While the promises and advertisements of information providers (publishers,
aggregators, A&I services) tout seamless interconnectivity, information
professionals know better.
Behind the user's
simple expectation of clicking on a link in a reference list and being
instantly transported to its corresponding full text lie some very complex
processes. The complexity lies in the multiple availability of any one
article. For example, the full text of one article could be available through
several means: the publisher's Web site; aggregator services such as Ovid,
ProQuest, Gale Group, or EBSCO; subscription agent gateways such as EBSCO
Online or SwetsnetNavigator; locally or consortially hosted copies
of publishers' journal databases; and document delivery services such as
Infotrieve or ingenta. And these are only some of the options for electronic
versions. Of course, an information center might have print subscriptions
or wish to direct users to ILL services. Moreover, an institution might
have access to more than one of these article manifestations and wish to
guide each user to the best option.
Open-system reference
linking initiatives such as CrossRef and software developments such as
Ovid's OpenLinks, as well as persistent and unique identifier technology
such as the DOI, do much to move us toward a seamless interconnectivity
between bibliographic data and full text housed within different organizations.
Furthermore, efforts on the part of publishers (primary and secondary)
and aggregators to link to local holdings or local ILL services also promote
localization and personalization of resources.
We need one more
step, however, to provide truly painless reference linking. We need linking
architecture that never leaves a user at a dead end, wondering why he or
she is denied access, a linking architecture that points users to their
institutional-affiliated holdings, subscriptions, and chosen services.
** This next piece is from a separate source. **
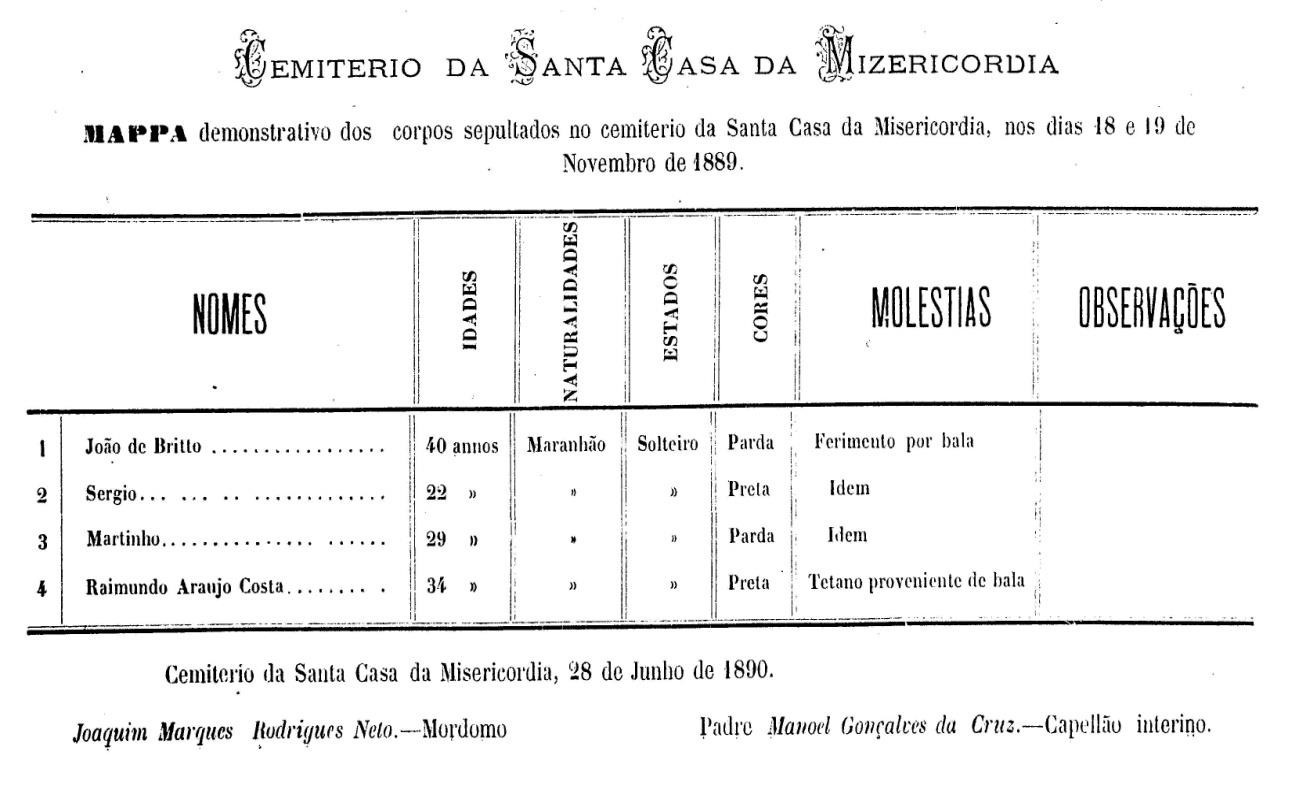 O registro hospitalar descreve os homens que morreram no conflito como homens solteiros, naturais do Maranhão, de cor preta ou parda. João de Brito, Sergio, Martinho, Raimundo Araújo Costa provavelmente estavam entre os líderes do protesto, pois foram atingidos na linha de frente. Os dados acerca dos feridos nos ajudam a interpretar a ocorrência de um verdadeiro massacre, pois as vítimas foram atingidas em partes do corpo como o peito, braço, antebraço, elemento que qualifica a intenção efetiva de matar e não apenas amedrontar ou dispersar a multidão.

Such a linking architecture or system must provide context-sensitive reference
linking.
Linking Initiatives and Technologies
to the Rescue
Context-sensitive
reference linking takes the user's information environment, their context
or situation, into account when linking between references in journal articles
or other online content to full-text collections. In other words, the linking
systems include a localization feature that addresses the user's specific
affiliation or possible subscriptions. Two 2001 articles by Oren Beit-Arie
et al. and Priscilla Caplan, respectively, explain the need for linking
systems to be open, generalized, and robust in order to be context-sensitive
and to solve the "appropriate copy" problem5.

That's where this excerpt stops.